## Exercise data

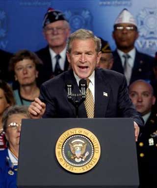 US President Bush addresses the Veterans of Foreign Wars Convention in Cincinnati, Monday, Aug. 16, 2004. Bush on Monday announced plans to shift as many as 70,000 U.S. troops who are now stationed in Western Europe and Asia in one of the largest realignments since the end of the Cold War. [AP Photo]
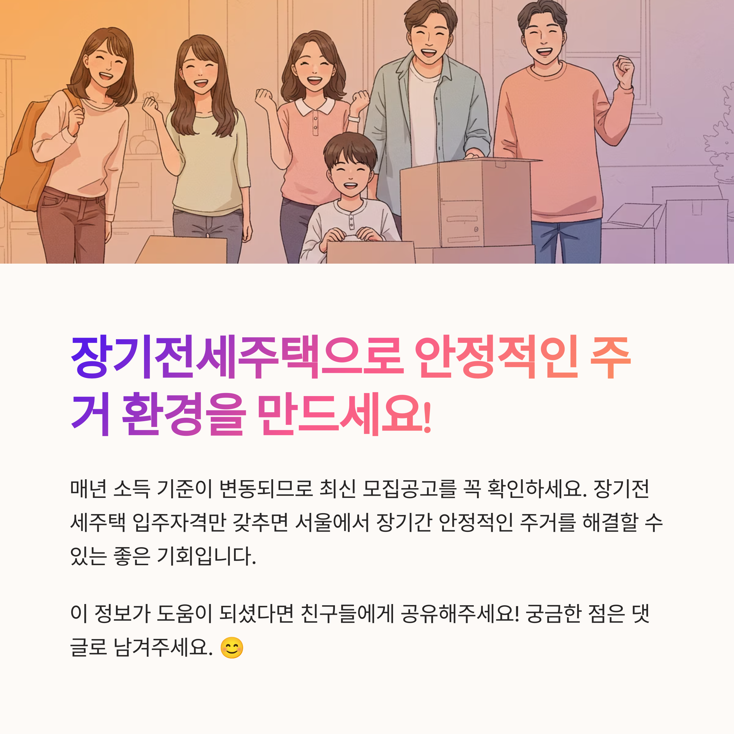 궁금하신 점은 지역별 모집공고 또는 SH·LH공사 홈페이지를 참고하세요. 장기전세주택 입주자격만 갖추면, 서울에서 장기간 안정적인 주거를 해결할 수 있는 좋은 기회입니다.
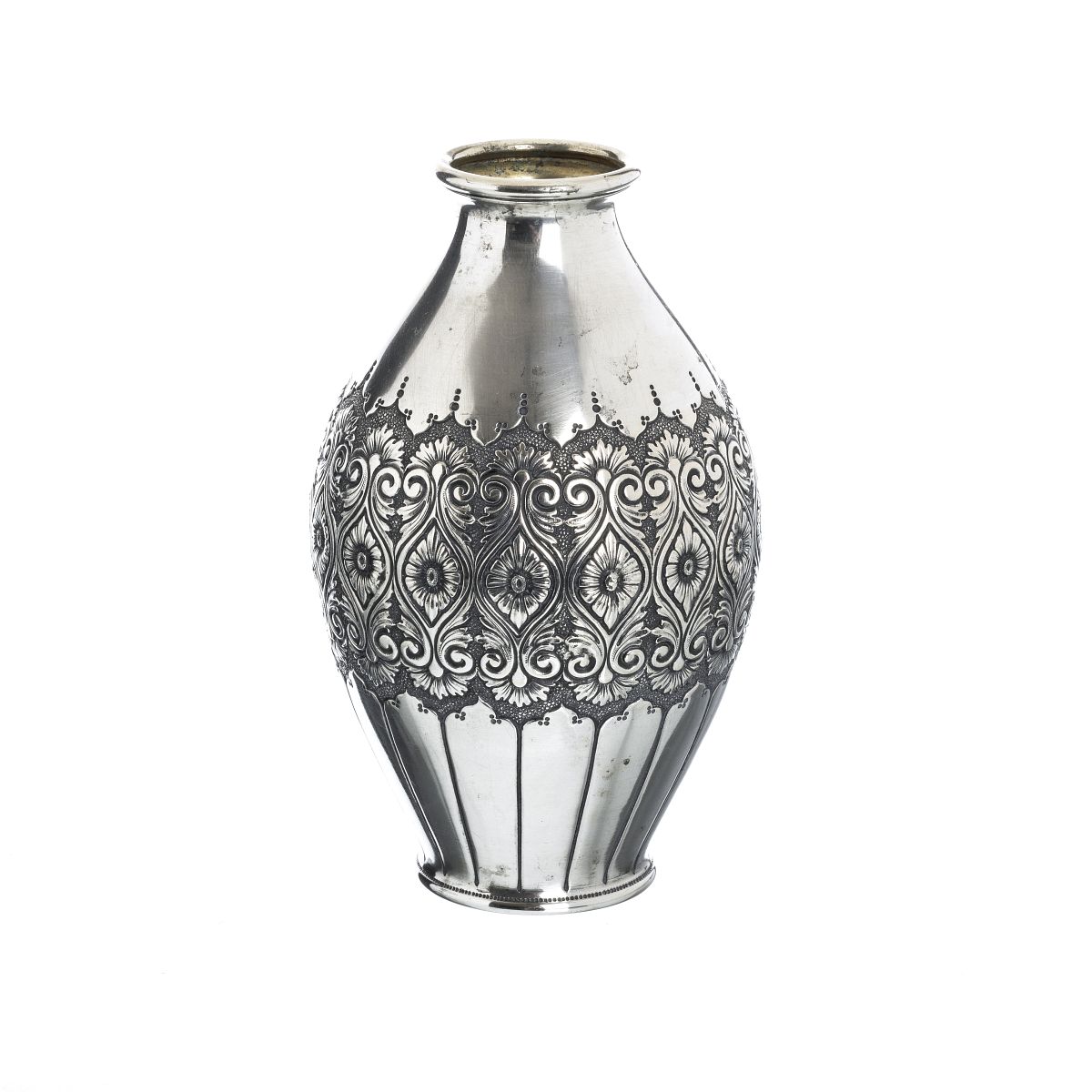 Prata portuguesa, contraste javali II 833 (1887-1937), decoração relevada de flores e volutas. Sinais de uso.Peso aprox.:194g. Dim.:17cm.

## The problem
A word-for-word copy of the listing is needed, with no pictures in it.

## Response for this exercise
 US President Bush addresses the Veterans of Foreign Wars Convention in Cincinnati, Monday, Aug. 16, 2004. Bush on Monday announced plans to shift as many as 70,000 U.S. troops who are now stationed in Western Europe and Asia in one of the largest realignments since the end of the Cold War. [AP Photo]
 궁금하신 점은 지역별 모집공고 또는 SH·LH공사 홈페이지를 참고하세요. 장기전세주택 입주자격만 갖추면, 서울에서 장기간 안정적인 주거를 해결할 수 있는 좋은 기회입니다.
 Prata portuguesa, contraste javali II 833 (1887-1937), decoração relevada de flores e volutas. Sinais de uso.Peso aprox.:194g. Dim.:17cm.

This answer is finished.